TASK DESCRIPTION: Reproduce the listing below from the line with "臺達垂直多關節工業機器人,具" to the line with "Карандаш чернографитный ЮНЛАНДИЯ, 1", both lines included, character for character, minus any pictures.

RECORDS FOR THE EXERCISE:
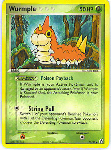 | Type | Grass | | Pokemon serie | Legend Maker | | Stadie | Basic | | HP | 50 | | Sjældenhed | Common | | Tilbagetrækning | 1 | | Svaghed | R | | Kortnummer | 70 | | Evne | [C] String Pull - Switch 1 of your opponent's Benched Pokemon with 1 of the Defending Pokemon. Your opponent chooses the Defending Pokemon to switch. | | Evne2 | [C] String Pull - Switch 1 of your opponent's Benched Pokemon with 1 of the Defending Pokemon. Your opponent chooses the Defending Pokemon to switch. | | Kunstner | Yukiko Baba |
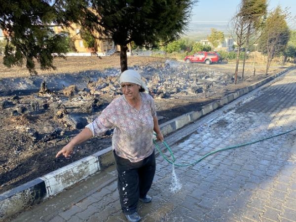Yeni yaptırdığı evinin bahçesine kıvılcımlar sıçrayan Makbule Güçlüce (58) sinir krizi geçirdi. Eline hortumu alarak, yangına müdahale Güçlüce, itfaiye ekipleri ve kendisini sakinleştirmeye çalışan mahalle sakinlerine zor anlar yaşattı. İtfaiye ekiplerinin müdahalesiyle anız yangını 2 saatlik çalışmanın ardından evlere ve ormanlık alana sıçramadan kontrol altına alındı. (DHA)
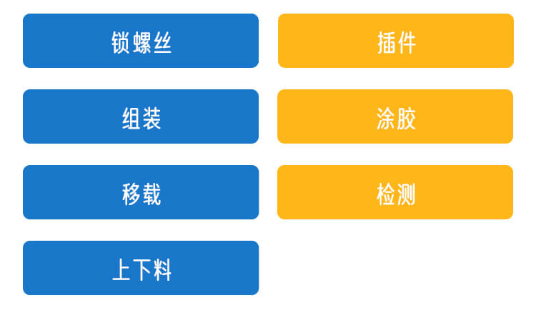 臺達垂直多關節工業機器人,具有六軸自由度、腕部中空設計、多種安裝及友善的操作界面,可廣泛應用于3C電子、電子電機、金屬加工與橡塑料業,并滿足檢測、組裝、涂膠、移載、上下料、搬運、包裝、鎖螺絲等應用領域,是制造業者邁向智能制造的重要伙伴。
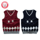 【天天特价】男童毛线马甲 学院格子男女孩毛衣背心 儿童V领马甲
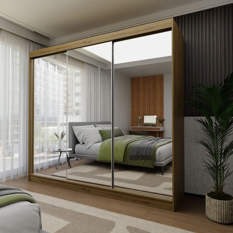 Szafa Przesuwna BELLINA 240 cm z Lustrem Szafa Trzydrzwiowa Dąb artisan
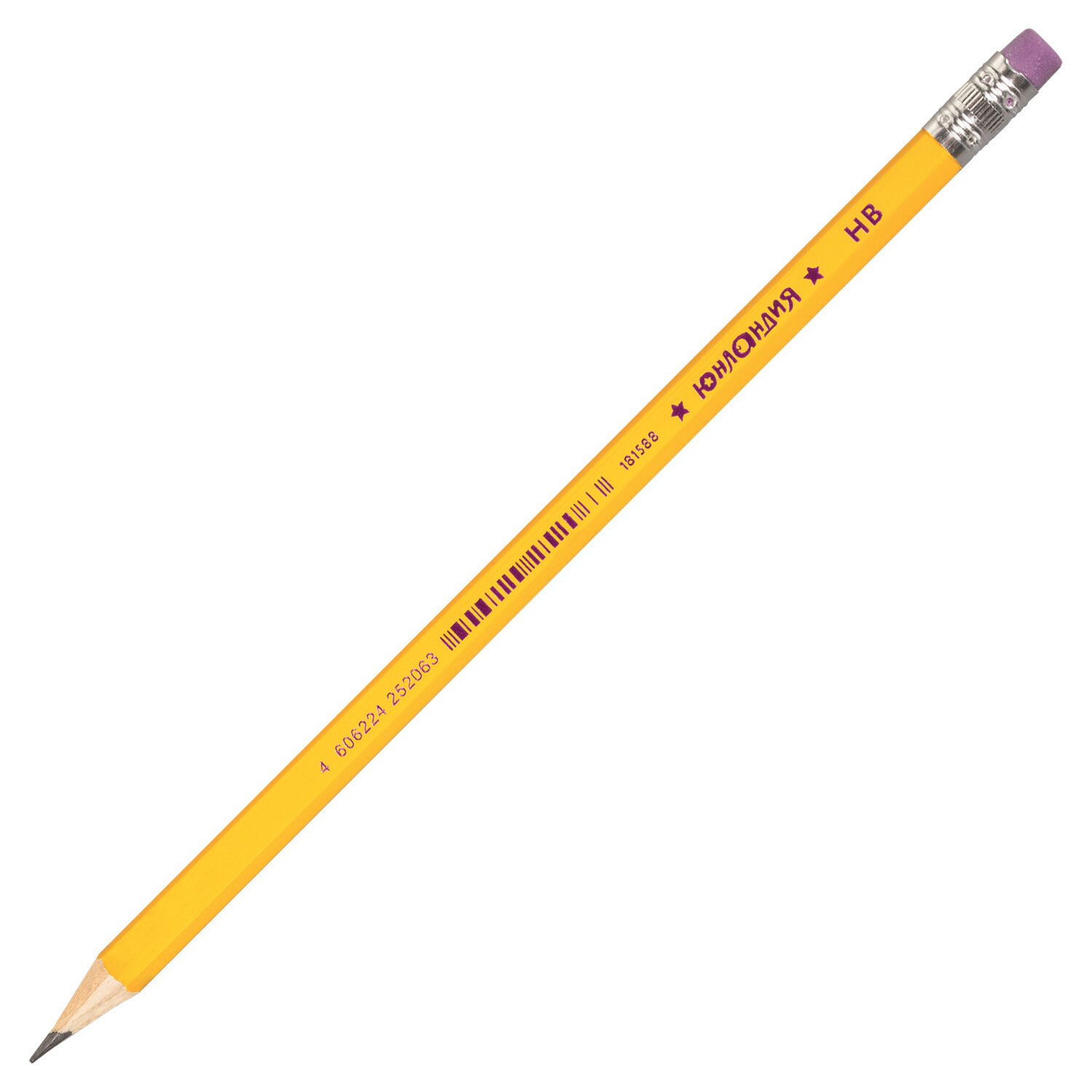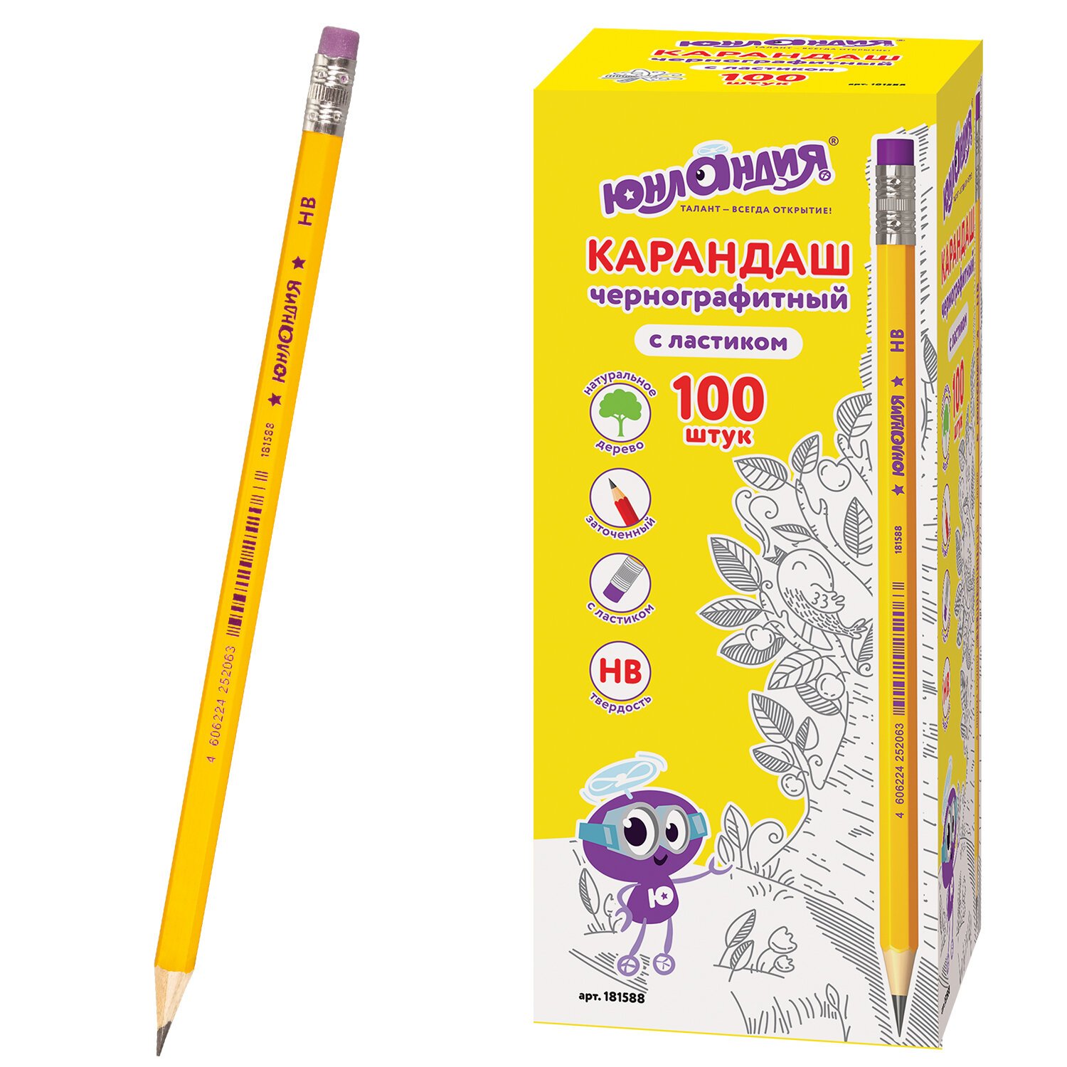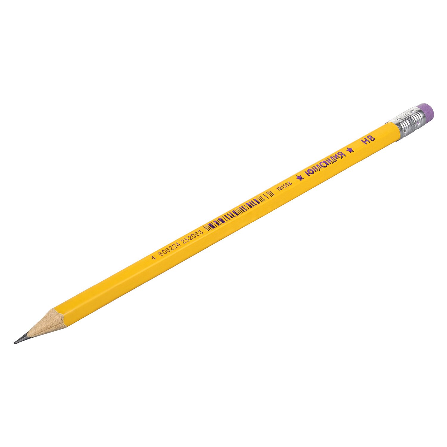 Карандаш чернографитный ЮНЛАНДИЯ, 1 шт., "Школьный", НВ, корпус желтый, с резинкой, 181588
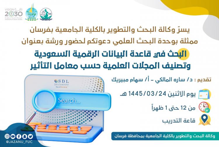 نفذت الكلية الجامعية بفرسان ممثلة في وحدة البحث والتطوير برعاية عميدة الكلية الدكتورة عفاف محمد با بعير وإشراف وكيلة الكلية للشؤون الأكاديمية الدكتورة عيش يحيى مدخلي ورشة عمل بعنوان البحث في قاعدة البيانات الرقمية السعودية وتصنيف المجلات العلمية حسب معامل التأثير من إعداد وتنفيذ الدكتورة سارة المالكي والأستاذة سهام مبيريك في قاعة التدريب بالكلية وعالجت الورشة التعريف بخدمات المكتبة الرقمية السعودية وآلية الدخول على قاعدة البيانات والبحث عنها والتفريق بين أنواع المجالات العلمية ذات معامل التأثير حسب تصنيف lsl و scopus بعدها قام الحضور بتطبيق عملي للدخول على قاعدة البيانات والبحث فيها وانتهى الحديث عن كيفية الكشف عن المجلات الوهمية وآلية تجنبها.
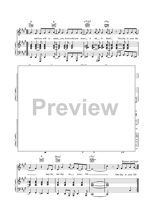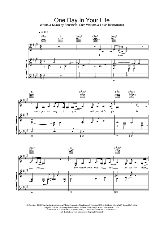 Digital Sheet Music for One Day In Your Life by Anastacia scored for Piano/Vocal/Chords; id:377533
...
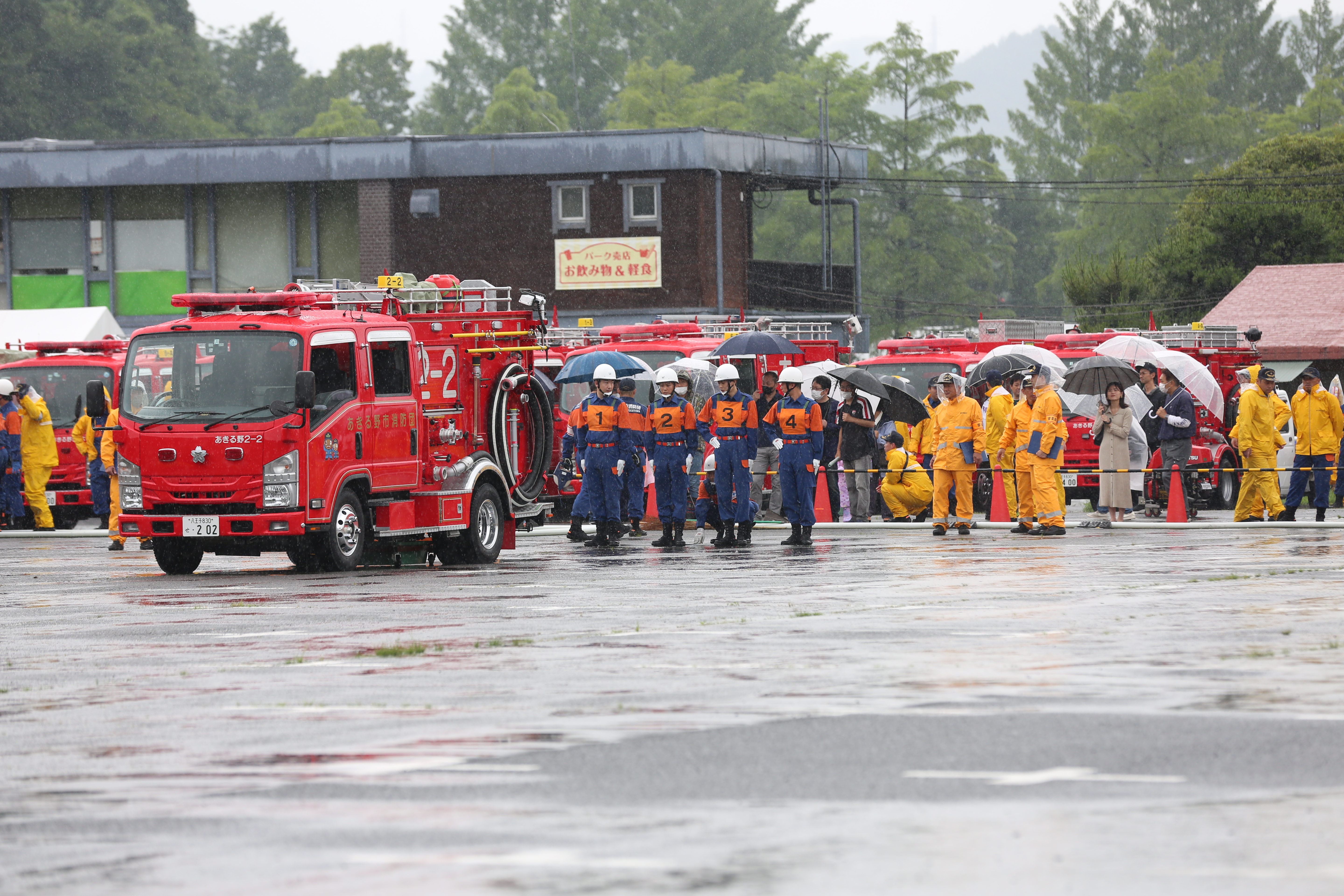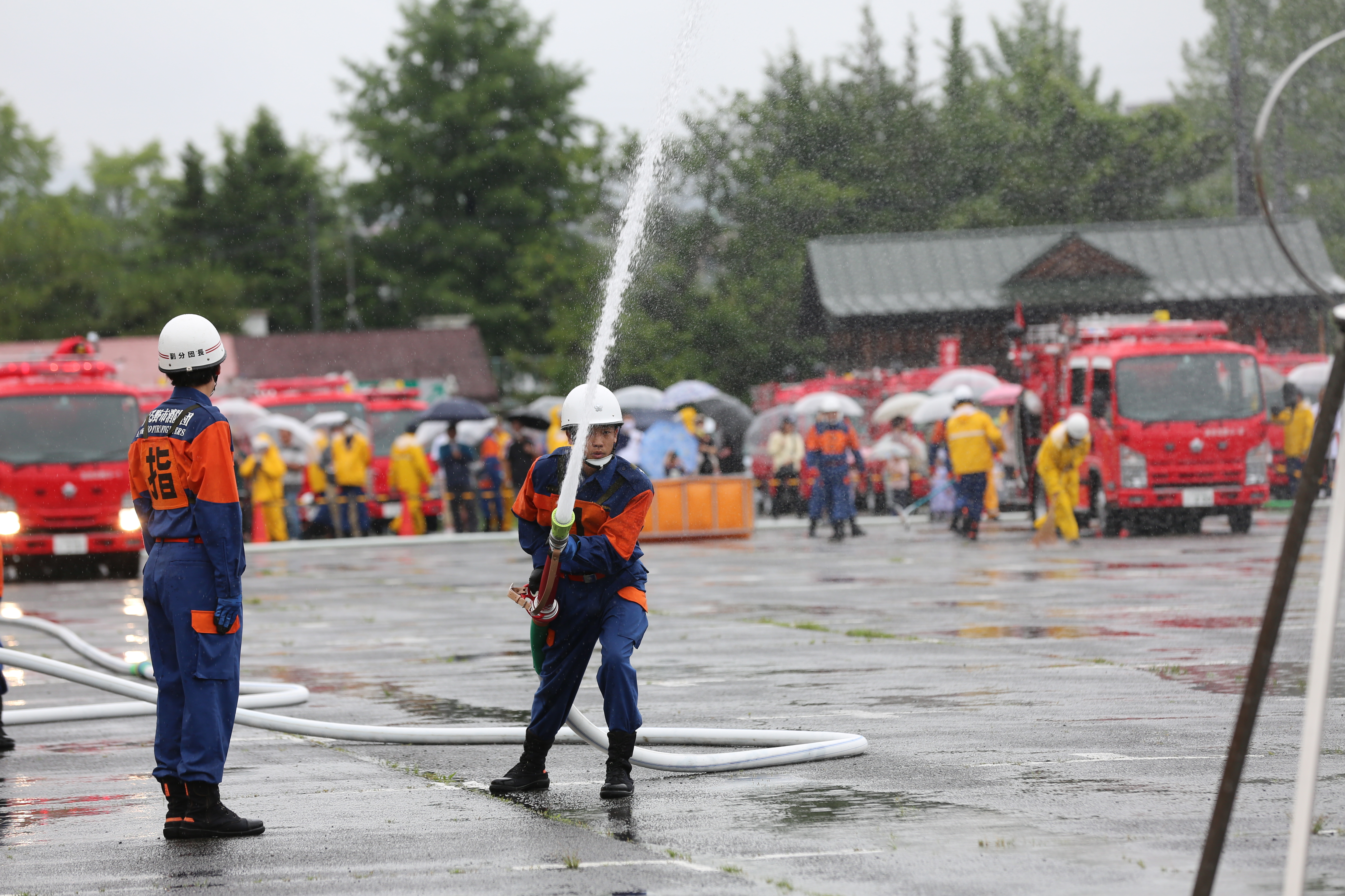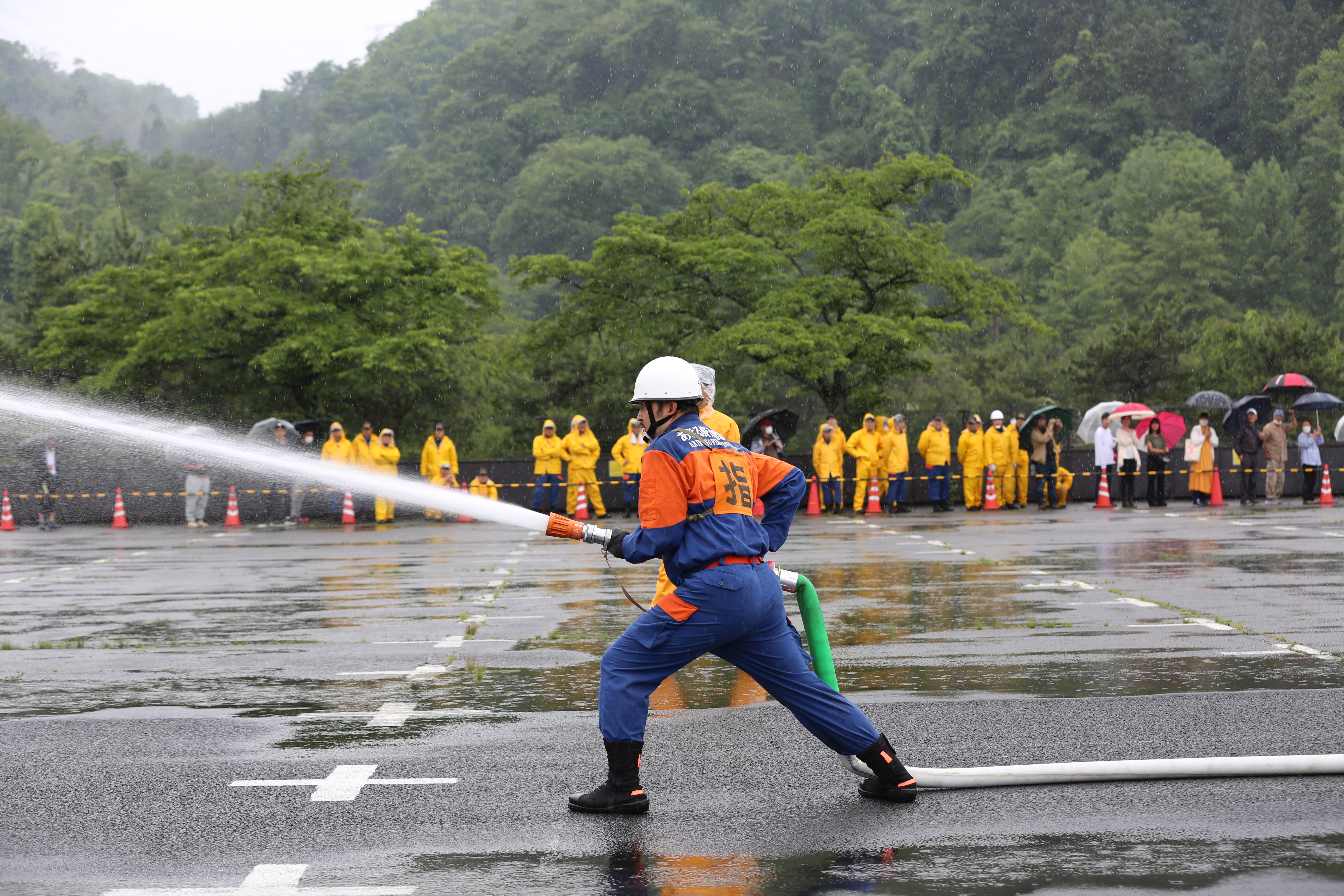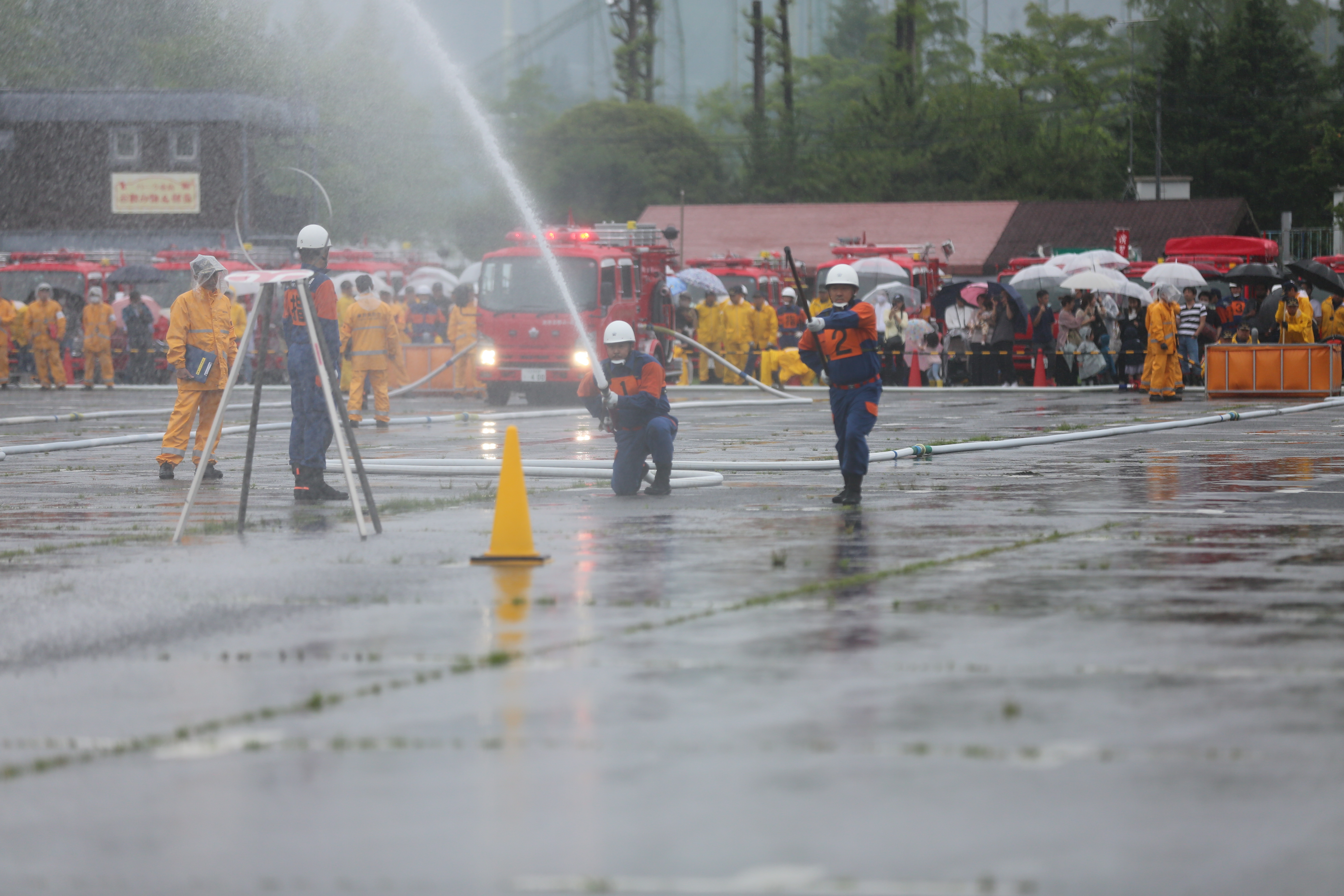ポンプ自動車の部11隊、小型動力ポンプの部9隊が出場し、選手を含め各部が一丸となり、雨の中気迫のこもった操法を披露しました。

WRITTEN RESPONSE:
 臺達垂直多關節工業機器人,具有六軸自由度、腕部中空設計、多種安裝及友善的操作界面,可廣泛應用于3C電子、電子電機、金屬加工與橡塑料業,并滿足檢測、組裝、涂膠、移載、上下料、搬運、包裝、鎖螺絲等應用領域,是制造業者邁向智能制造的重要伙伴。
 【天天特价】男童毛线马甲 学院格子男女孩毛衣背心 儿童V领马甲
 Szafa Przesuwna BELLINA 240 cm z Lustrem Szafa Trzydrzwiowa Dąb artisan
 Карандаш чернографитный ЮНЛАНДИЯ, 1 шт., "Школьный", НВ, корпус желтый, с резинкой, 181588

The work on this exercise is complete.